Extracted information section start

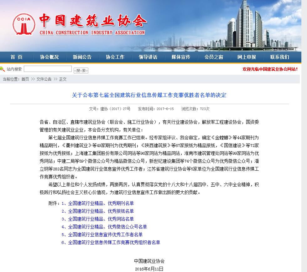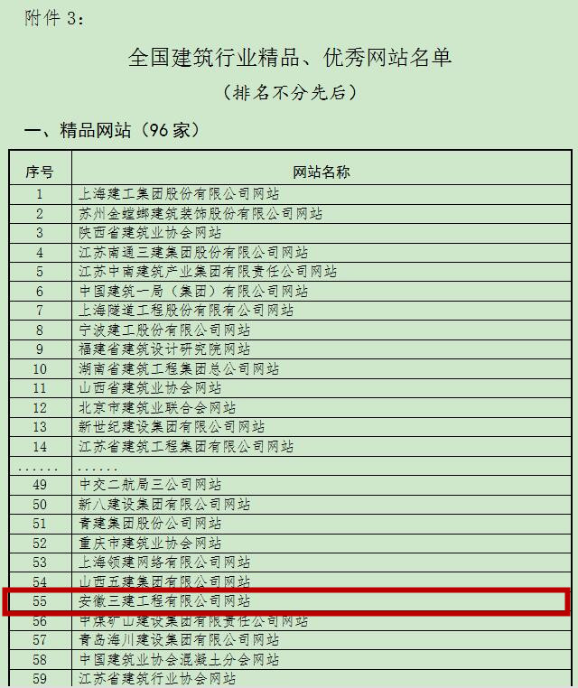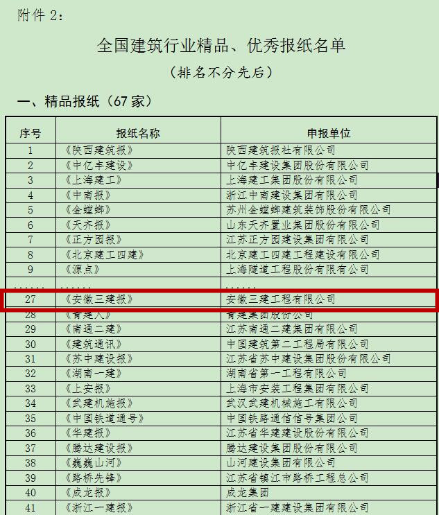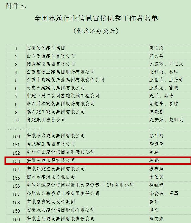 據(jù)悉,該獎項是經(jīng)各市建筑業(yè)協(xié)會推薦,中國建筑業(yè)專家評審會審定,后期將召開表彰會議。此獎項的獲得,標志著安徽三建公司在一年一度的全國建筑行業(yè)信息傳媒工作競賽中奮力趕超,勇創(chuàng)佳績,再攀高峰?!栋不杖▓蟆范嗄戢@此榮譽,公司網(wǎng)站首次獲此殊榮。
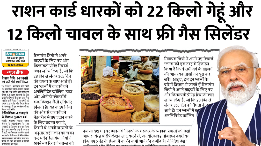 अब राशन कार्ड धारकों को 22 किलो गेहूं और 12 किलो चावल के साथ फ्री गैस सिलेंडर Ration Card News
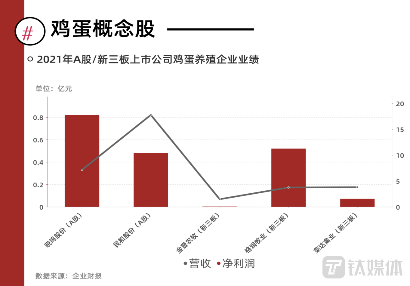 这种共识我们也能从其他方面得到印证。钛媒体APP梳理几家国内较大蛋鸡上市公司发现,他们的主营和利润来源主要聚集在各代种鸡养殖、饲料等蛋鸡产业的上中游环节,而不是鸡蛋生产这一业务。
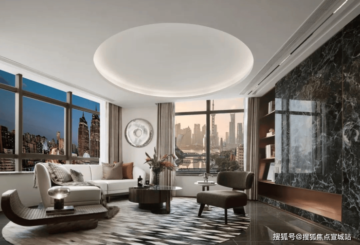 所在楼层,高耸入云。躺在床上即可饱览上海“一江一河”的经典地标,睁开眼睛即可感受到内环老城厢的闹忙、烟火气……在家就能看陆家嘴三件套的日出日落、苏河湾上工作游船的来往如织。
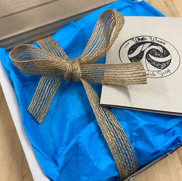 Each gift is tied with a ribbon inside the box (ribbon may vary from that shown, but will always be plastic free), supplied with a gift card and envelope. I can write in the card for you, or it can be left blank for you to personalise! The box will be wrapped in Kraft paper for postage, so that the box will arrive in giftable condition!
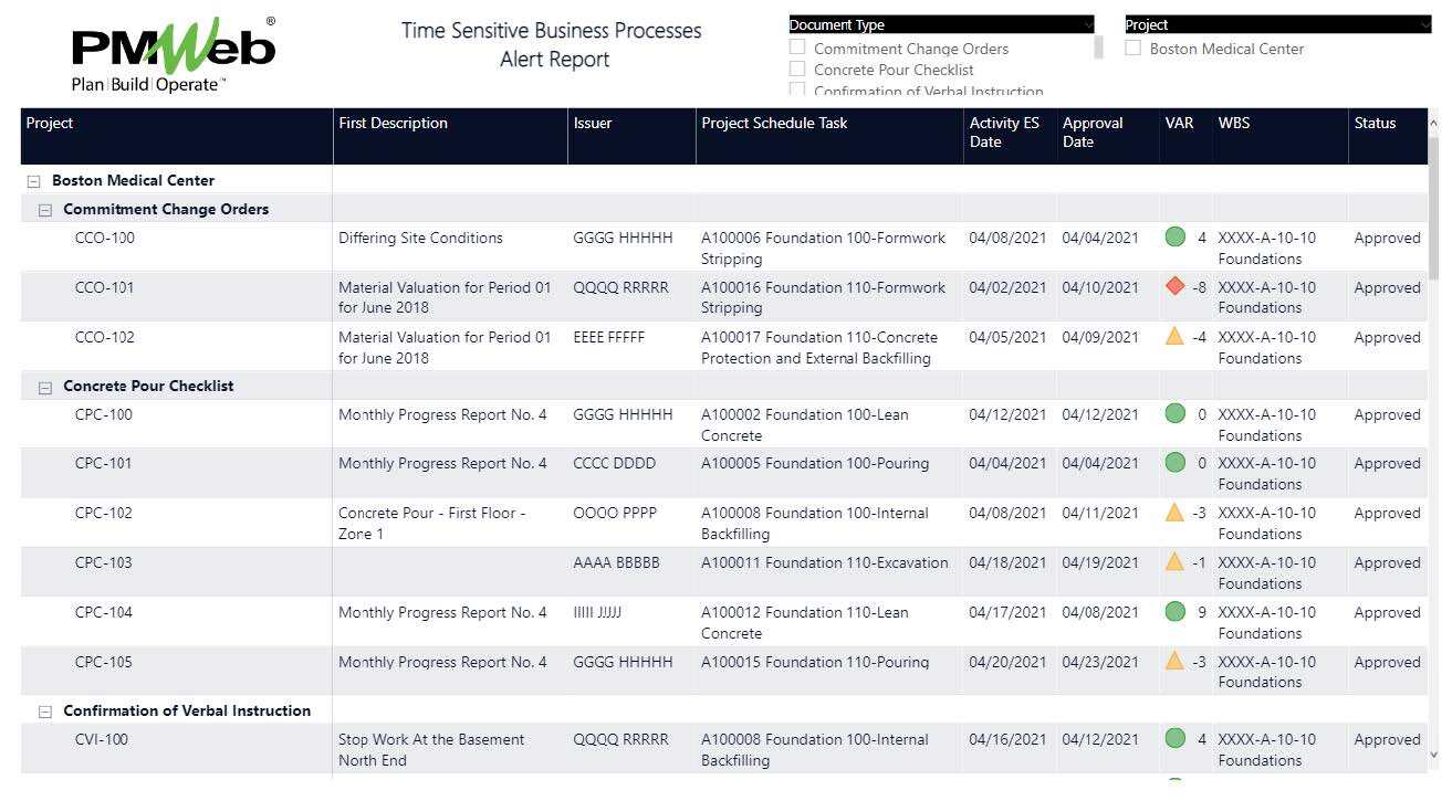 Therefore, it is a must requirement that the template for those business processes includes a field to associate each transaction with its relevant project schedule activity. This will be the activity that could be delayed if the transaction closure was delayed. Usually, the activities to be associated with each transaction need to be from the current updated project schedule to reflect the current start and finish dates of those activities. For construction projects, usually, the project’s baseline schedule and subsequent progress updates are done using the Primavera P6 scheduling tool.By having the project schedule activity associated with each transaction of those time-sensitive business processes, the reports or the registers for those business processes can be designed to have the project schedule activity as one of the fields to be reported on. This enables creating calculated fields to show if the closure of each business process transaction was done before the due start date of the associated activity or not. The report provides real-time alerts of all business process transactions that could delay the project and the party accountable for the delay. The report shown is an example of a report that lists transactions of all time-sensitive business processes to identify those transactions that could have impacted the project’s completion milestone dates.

Extracted information section end

Please copy out from the data above, without any picture, exactly the lines running from the one that holds "所在楼层,高耸入云。躺在床上" through the one that holds "Each gift is", and nothing beyond them.

 所在楼层,高耸入云。躺在床上即可饱览上海“一江一河”的经典地标,睁开眼睛即可感受到内环老城厢的闹忙、烟火气……在家就能看陆家嘴三件套的日出日落、苏河湾上工作游船的来往如织。
 Each gift is tied with a ribbon inside the box (ribbon may vary from that shown, but will always be plastic free), supplied with a gift card and envelope. I can write in the card for you, or it can be left blank for you to personalise! The box will be wrapped in Kraft paper for postage, so that the box will arrive in giftable condition!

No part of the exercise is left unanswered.